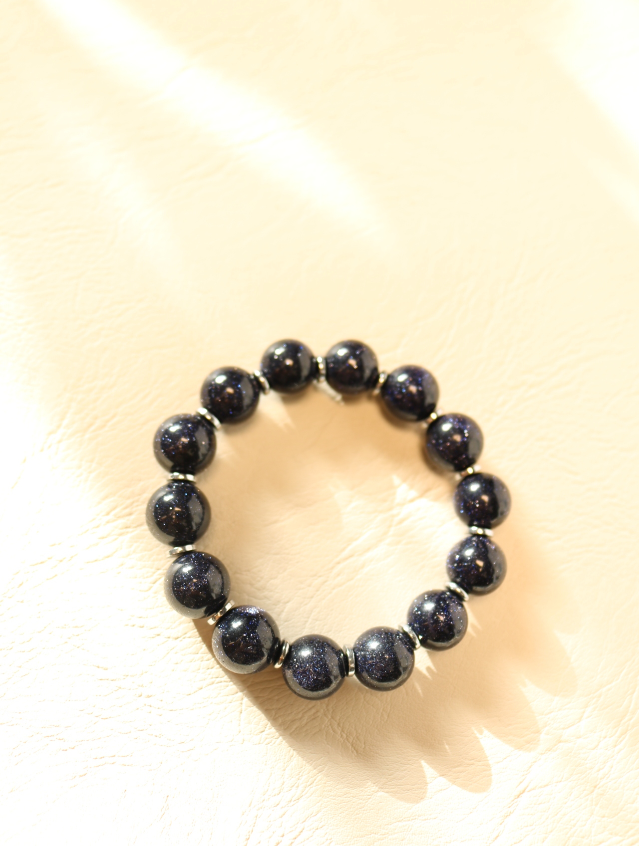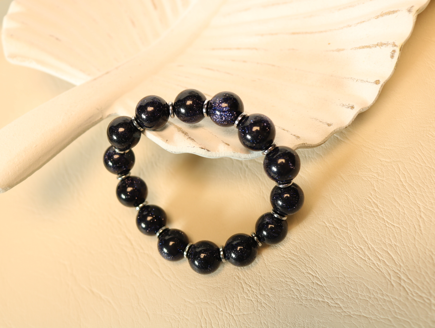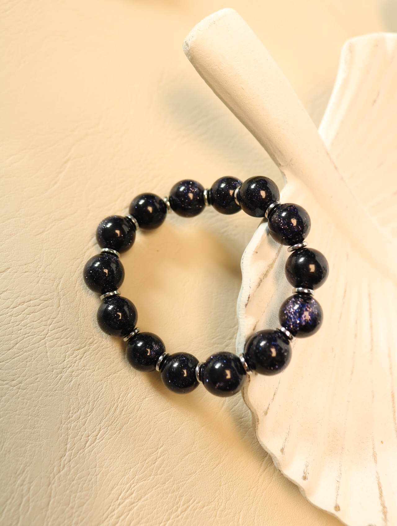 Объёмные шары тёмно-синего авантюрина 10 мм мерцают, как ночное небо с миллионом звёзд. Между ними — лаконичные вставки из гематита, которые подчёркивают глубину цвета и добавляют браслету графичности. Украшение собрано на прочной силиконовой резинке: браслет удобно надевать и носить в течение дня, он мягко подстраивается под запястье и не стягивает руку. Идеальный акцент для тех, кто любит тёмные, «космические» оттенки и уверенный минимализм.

--

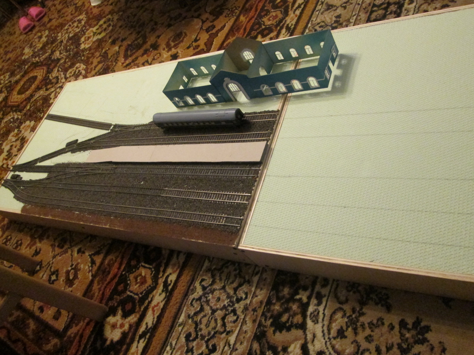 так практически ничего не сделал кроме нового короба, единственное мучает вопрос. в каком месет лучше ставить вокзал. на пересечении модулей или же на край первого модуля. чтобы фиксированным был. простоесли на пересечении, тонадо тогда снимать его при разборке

---

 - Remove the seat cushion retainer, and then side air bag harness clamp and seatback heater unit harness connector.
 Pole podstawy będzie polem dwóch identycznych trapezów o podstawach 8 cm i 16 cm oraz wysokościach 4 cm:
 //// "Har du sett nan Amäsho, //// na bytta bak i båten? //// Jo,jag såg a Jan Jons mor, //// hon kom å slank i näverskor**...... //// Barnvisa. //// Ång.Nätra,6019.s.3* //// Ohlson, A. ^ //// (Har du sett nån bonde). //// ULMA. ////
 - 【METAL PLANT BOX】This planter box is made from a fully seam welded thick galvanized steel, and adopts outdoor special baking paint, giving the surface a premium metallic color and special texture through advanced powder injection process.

What is needed: Could you reproduce exactly the lines of the entries above, from the one with "- Remove the" through the one with "Pole podstawy będzie", and nothing else?

Solution to this exercise:
 - Remove the seat cushion retainer, and then side air bag harness clamp and seatback heater unit harness connector.
 Pole podstawy będzie polem dwóch identycznych trapezów o podstawach 8 cm i 16 cm oraz wysokościach 4 cm:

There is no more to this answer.